1. Resignation. You hereby resign from any and all positions and offices you hold with the Company or any of its Affiliates, and from any and all memberships you hold on any boards of directors or other governing boards of the Company or any of its Affiliates and any and all memberships you hold on any of the committees of any such boards (together, the “Resignations”), such Resignations to take effect as of the Transition Date. The Company, on its own behalf and on behalf of its Affiliates, hereby accepts the Resignations as of the Transition Date. You agree to sign and return such documents confirming the Resignations as the Company, or any of its Affiliates, may reasonably request. For the purposes of this Transition and Consultancy Agreement, “Affiliates” means, with respect to an entity, all persons and entities directly or indirectly controlling, controlled by or under common control with such entity, where control may be by management authority, equity interest or otherwise.

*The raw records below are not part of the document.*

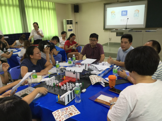 会e人公司带着超级沙盘,走进海大校园,全面升级教学课程,实践与专业知识同时讲授。主讲人武军老师将全体员工分为三组,以小组为单位开展实训练习。在介绍模具的使用方法后,三个组分别开始小组作业——组织搭建会场。同学们聚精会神、专心致志。完成后,武老师就小组作业完成情况做出点评和指正,并就实际操作过程中的会场布局的重要知识做了详细讲解。在各小组完善作品的同时,武老师与公司教师就课程设置、实践培训等内容进行了进一步交流与探讨。5大院校根据此次活动,就如何加强员工动手能力和实践能力、如何更好地设置教育课程展开热烈地讨论。此次沙盘活动为海南省高校会展专业的师生提供了一个全新的交流平台。
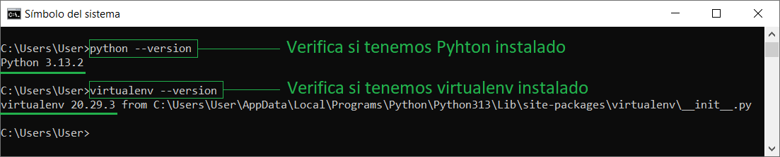 01. Verifica si Python y virtualenv están instalados de forma global y si no aparecen, instalalos.
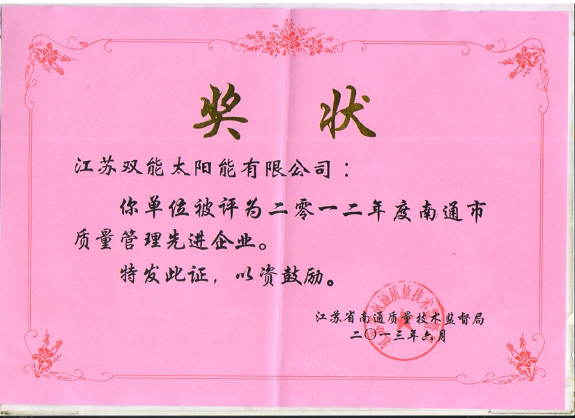 日前,江蘇雙能太陽能有限公司被評為“南通市質量管理先進企業”。

2. Final Compensation. As of the Transition Date, you will acknowledge that you have received pay for all work you performed for the Company or any of its Affiliates through the Transition Date, to the extent not previously paid, as well as pay, at your final base rate of pay, for any vacation days you had earned but not used as of the Transition Date, determined in accordance with Company policy and as reflected on the books of the Company as of the Transition Date. You acknowledge and agree that (a) such payments are in complete satisfaction of any and all compensation or benefits due to you from the Company or any of its Affiliates, whether for services provided to the Company or any of its Affiliates or otherwise, through the Transition Date and (b) except as expressly provided under this Transition and Consultancy Agreement, no further compensation, payments or benefits are owed or will be paid to you.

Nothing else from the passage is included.